Large-scale datasets generated via high-throughput sequencing and multi-omics technologies are shaping how researchers uncover features of cancer biology. The National Cancer Institute's (NCI) Proteomic Data Commons (PDC), a component of the Cancer Research Data Commons (CRDC), enables discoveries by providing a cloud-based platform that centralizes access to proteomic data and facilitates its integration with other data types.
The PDC serves as a hub for high-quality proteomic data, genomic data, imaging data, and associated clinical annotations within the larger CRDC ecosystem. By connecting these data types (housed in the Genomic Data Commons, Imaging Data Commons, and The Cancer Imaging Archive) the PDC allows researchers to correlate protein-level changes with genomic mutations, imaging characteristics, and clinical outcomes in the same cancer samples.
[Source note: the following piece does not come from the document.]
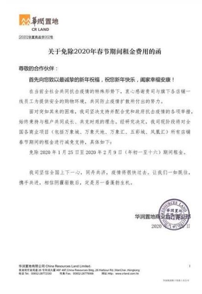 華潤置地1月29日宣布,減免全國各商業項目所有商戶自1月25日至2月9日時間內(共計16天)的租金,涉及全國約14000個店鋪。公開資料顯示,截至2019年12月31日,華潤置地在全國運營已開業購物中心共61個(包括萬象城、萬象匯、五彩城、萬象天地、鳳凰匯),遍布全國40座城市。截至目前,已全面關閉全國19個商業項目,但同時保證超市等涉及民生需求的店鋪仍持續經營。未關閉的商業項目均大幅縮短了經營時間,將在崗員工數量減至最低。
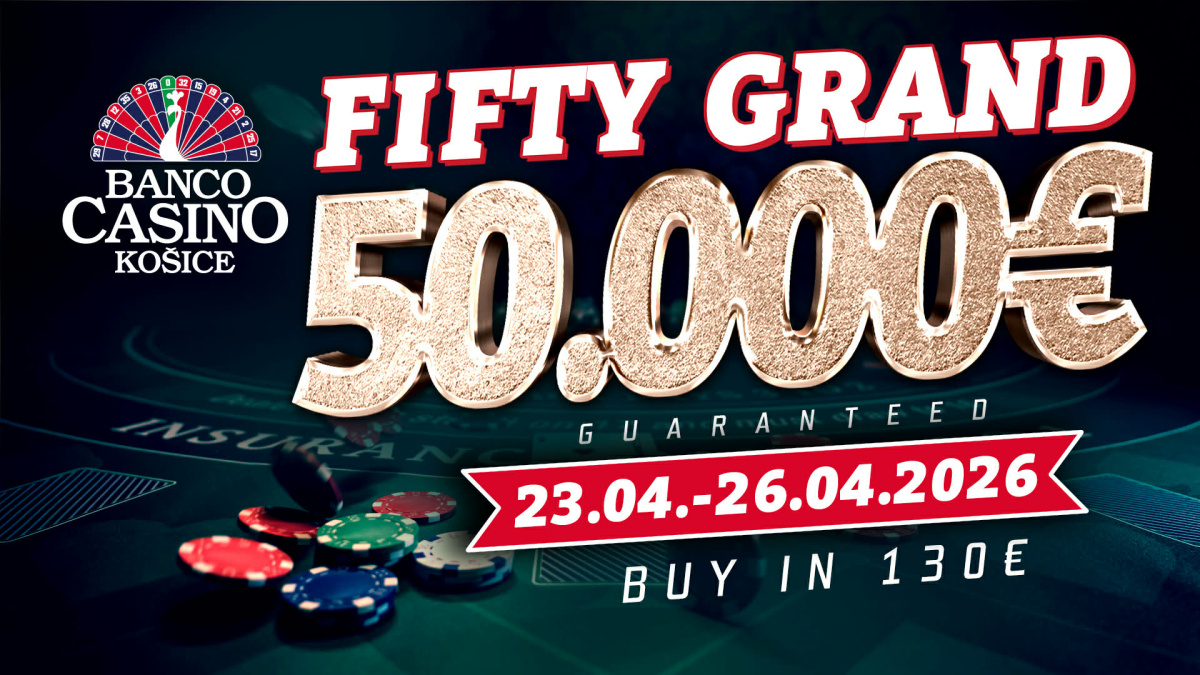 Už tento mesiac! Príďte do Banco Casino Košice na turnaj Fifty Grand s garanciou 50.000 €, ktorý sa uskutoční od 23. do 26. apríla 2026. Zabezpečte si miesto za buy-in 130 € a zabojujte o podiel z 50.000€ garancie.

Since it officially launched in 2020, the PDC has grown to contain a collection of over 160 proteomic datasets spanning 19 cancer types. Main data contributors to the PDC include consortia that use standardized workflows to profile tumor proteomes, including the NCI-supported Clinical Proteomic Tumor Analysis Consortium (CPTAC), the International Cancer Proteogenome Consortium (ICPC), and the Applied Proteogenomics Organizational Learning and Outcomes (APOLLO) network.
Furthermore, the PDC offers a suite of cloud-based tools that make the data easier to analyze and visualize—researchers can run advanced statistical analyses, use APIs for data retrieval, and generate visualizations to better understand proteome dynamics.
The PDC is continuously improved with FAIR data sharing principles (Findability, Accessibility, Interoperability, and Reusability) in mind to ensure all datasets are available and easily accessible to any researcher with an internet connection.
With more datasets, tools, and capabilities being added over time, the PDC is set to become an integral part of the cancer research ecosystem. Researchers can access the PDC and explore its resources via the PDC portal at pdc.cancer.gov
The PDC was recently featured in the American Association for Cancer Research's (AACR) journal, Cancer Research Communications. The article, titled “NCI’s Proteomic Data Commons: A Cloud-Based Proteomics Repository Empowering Comprehensive Cancer Analysis through Cross-Referencing with Genomic and Imaging Data,” highlights the PDC’s role in advancing cancer research.